Large anisotropic room-temperature ferromagnetism in yttrium-doped HfO2 thin film

Abstract

The realization of room-temperature ferromagnetism in ferroelectric thin films based on HfO2 is a crucial step in broadening the applicability of HfO2-based materials and advancing their utility in spintronics devices. Nevertheless, the substitution of magnetic ions may lead to a reduction in resistivity, posing a challenge to the maintenance of ferroelectricity. Additionally, the resulting dilute magnetic semiconductors often exhibit relatively insignificant magnetic properties. In this study, we achieved substantial room-temperature ferromagnetism and anisotropic magnetism in epitaxial thin films of yttrium-doped HfO2 (HYO) on (111)-oriented yttrium-stabilized zirconia substrates. Remarkably, room-temperature ferromagnetism was observed in the as-grown HYO thin films, and its magnitude was significantly amplified through an annealing process.

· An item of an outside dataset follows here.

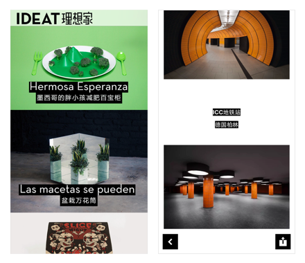IDEAT理想家App,继承了法国IDEAT杂志的理念,以展示设计、艺术和风尚的「当代生活」内容为主。App界面上除了内容图片之外,几乎没有黑白以外的其他色彩元素。通过衬以黑底的高亮白字,既是内容又是装饰,贯穿在整个App设计元素当中;调节这些文字与其他内容之间的间距,又在排版上起到作为点,作为线,甚至作为面的不同功用。

Simultaneously, the anisotropic magnetization behavior in the HYO film could be modulated by adjusting the film thickness and employing different temperature annealing procedures. The variations in anisotropic magnetization and ferromagnetism were attributed to changes in the concentration of oxygen vacancies, which were influenced by both film thickness and annealing conditions. These findings suggest that the manipulation of thickness and defects can effectively control the anisotropic ferromagnetic properties of epitaxial HYO thin films, thereby holding promise for the integration of metal-oxide semiconductors with spintronics.